Root would benefit further by also using technology data in the claims process, not just for underwriting, Carbone explained.
“European insurers have demonstrated the telematics benefits on the loss ratio,” Carbone said. “I have [also] seen members of my IoT Insurance Observatory, such as USAA and Allstate, starting to enhance their claims processes through the usage of telematics data.”
The IoT Insurance Observatory is a global insurance think tank that connects executives from various parts of the industry to talk about insurtech challenges and opportunities.
In a statement issued as part of the Tractable announcement, chief claims and customer service officer Mark LeMaster said the new partnership will enable further advancement in the modern customer experience through multiple ways.
“Implementing AI effectively will set the next generation of insurers apart from incumbents by creating greater efficiencies and a frictionless experience for consumers,” he said in prepared remarks.
Root’s initial focus as a digital insurer targeted auto insurance, using telematics data about driver habits rather than credit scores to help craft quicker and better rates. The company has since expanded into homeowners’ and renters’ insurance. But this hasn’t translated yet into huge gains in clientele.
Read next: Root reveals expansion into California
The company’s net premiums earned have seen major gains, year-over-year, but Root reported just 380,836 auto insurance policies in force as of Sept. 30, 2021, compared to 322,423 over the same period in 2020. Renters’ policies reached 9,143 during Q3, compared to 7,367 over the 2020 third quarter. Lemonade, by contrast – a digital insurer in areas including homeowners’, renters’ and auto – reported in excess of 1.36 million customers as of the 2021 third quarter, versus more than 941,300 over the same period in 2020.
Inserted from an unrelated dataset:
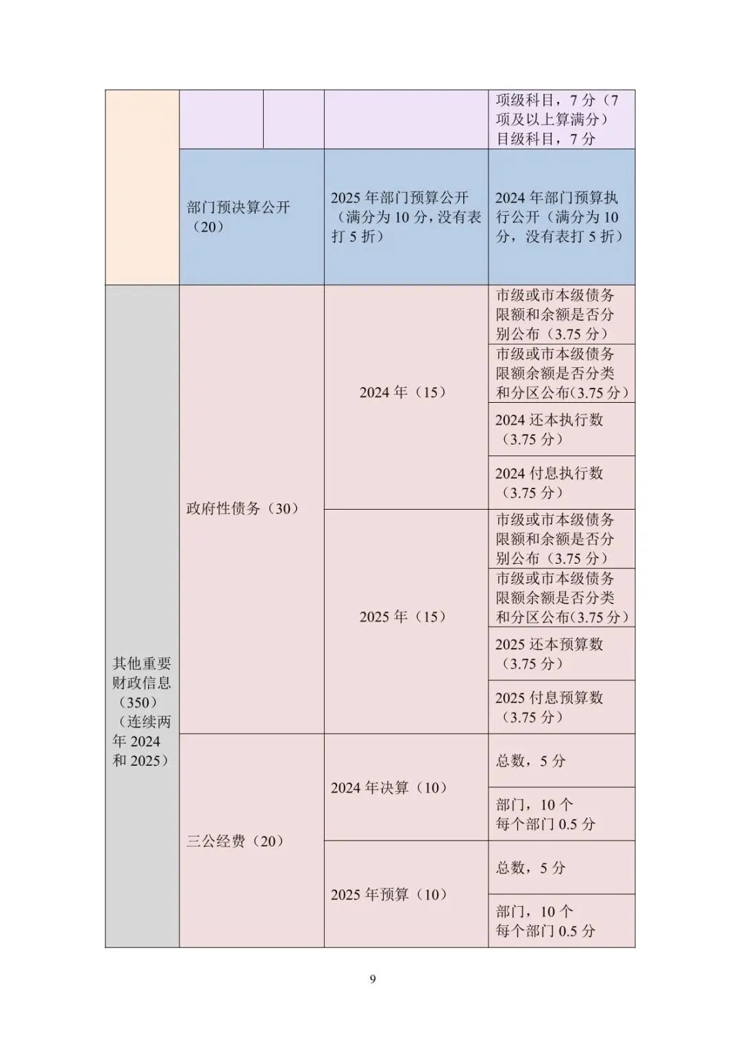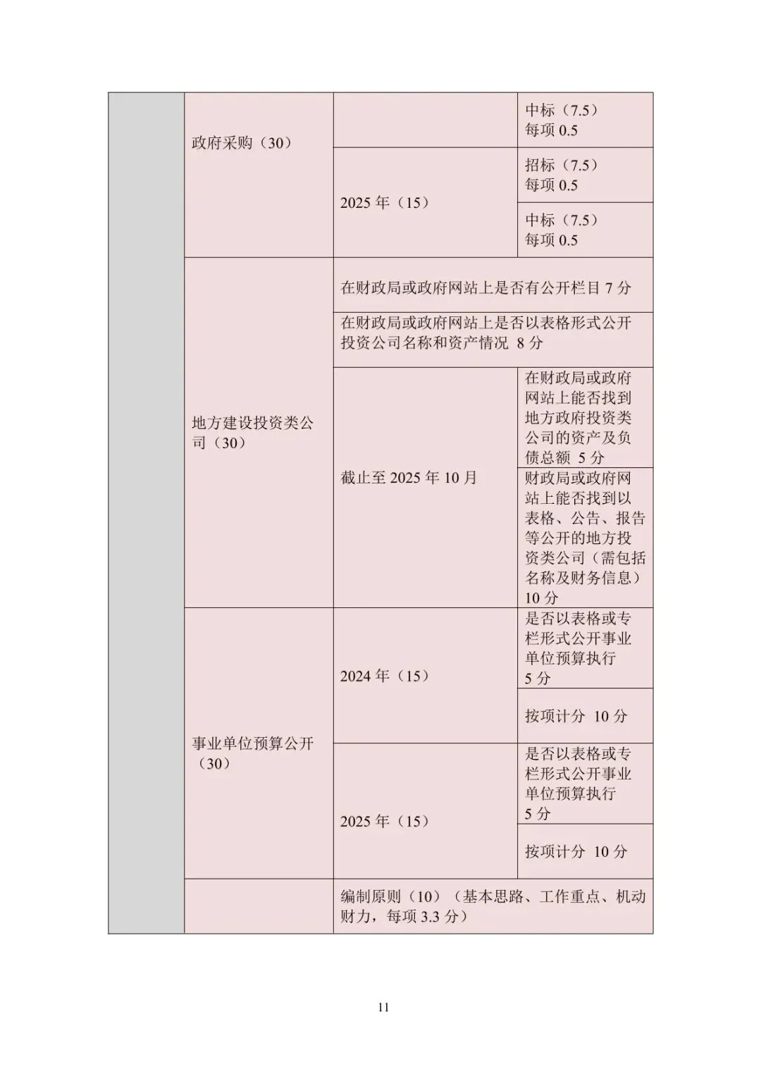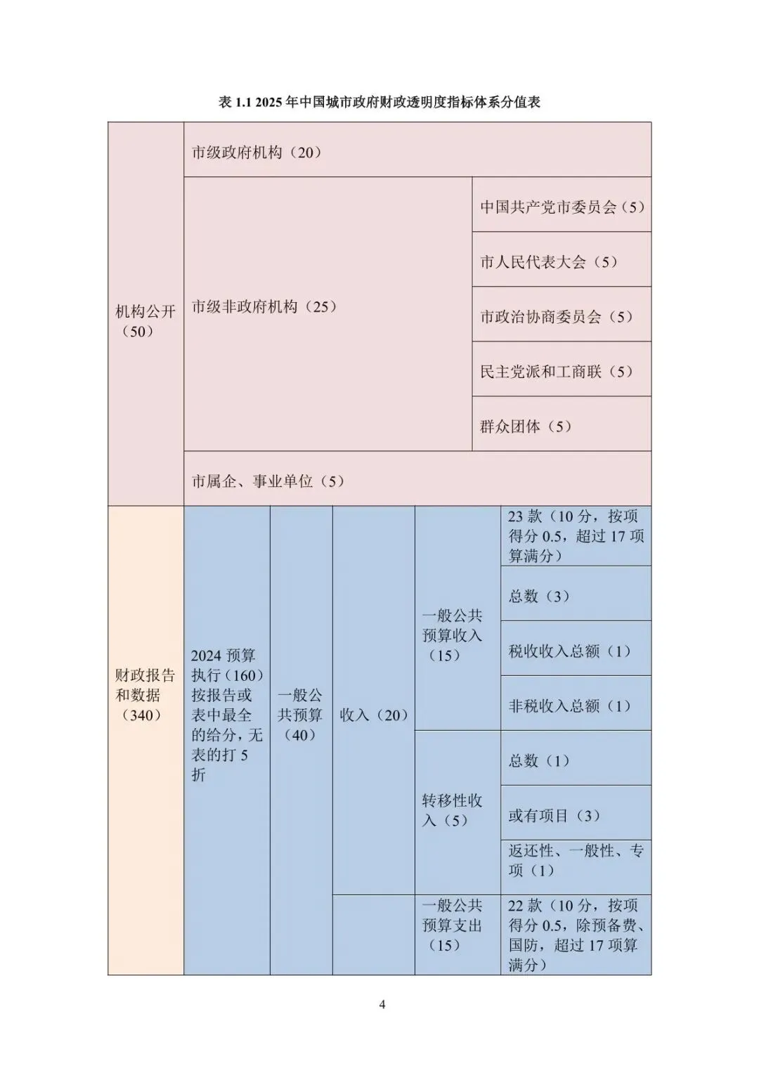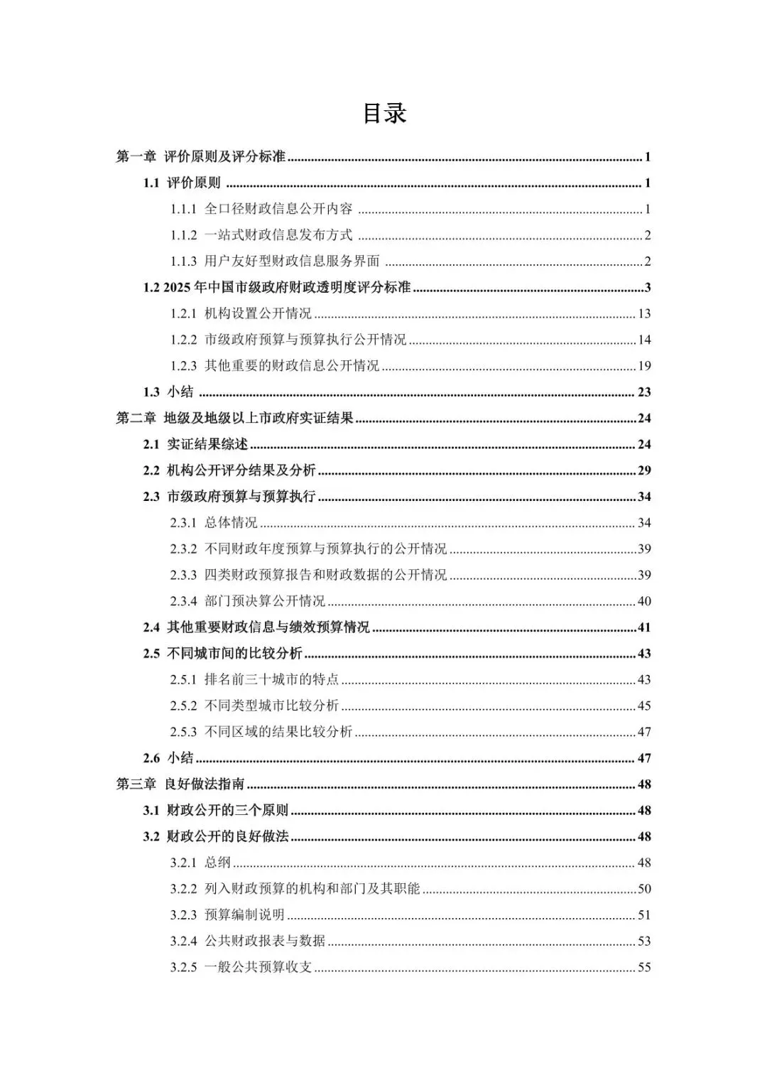 :机构公开平均得分 44.95 分(满分 50 分),83 个城市获满分,市属企事业单位、市级政府机构公开最完善;“四本账” 中一般公共预算(公开率 94.03%)和政府性基金预算(79.80%)公开较完整,国有资本经营预算(50.05%)和社保基金预算(63.60%)相对薄弱;部门预决算公开率达 96.45%,质量显著提升。 - 其他重要财政信息公开不均衡,部分领域亟待加强

Root, which debuted in 2015, booked more than $415 million in net losses through the first nine months of 2021, nearly double the same period the year before as it ramped up expansion efforts. Its accumulated loss came close to hitting $1.2 billion at the end of the 2021 third quarter, versus $748 million the same period in 2020.
Even before the layoff announcement, the company had announced many other revamp moves.
Alongside its Q4, 2021 earnings call announcement, Root disclosed it had agreed in principle to a new $350 million term loan facility with BlackRock financial management, pending final approval, with a closing expected by the end of January.
The company also announced after the 2021 second quarter that it would be scaling its internal sales agent program and piloting a program to sell insurance through independent insurance agents. Previously, it had more broadly embraced digital insurance over the traditional option.
Root also slashed its sales and marketing spending by 40% in Q3 over the previous quarter, with more reductions expected.
There are also ongoing pricing adjustments in a hard market. As of Q3, Root said it had grown gross written premium by 24% and had also improved underwriting results with better segmentation and telematics/pricing model updates.
Additionally, Root is developing an expanded partnership with digital car seller Carvana expected to involve an embedded insurance offering at point of sale. As part of that deal (first announced in August), Carvana is investing $126 million in Root, giving it a 5% ownership interest.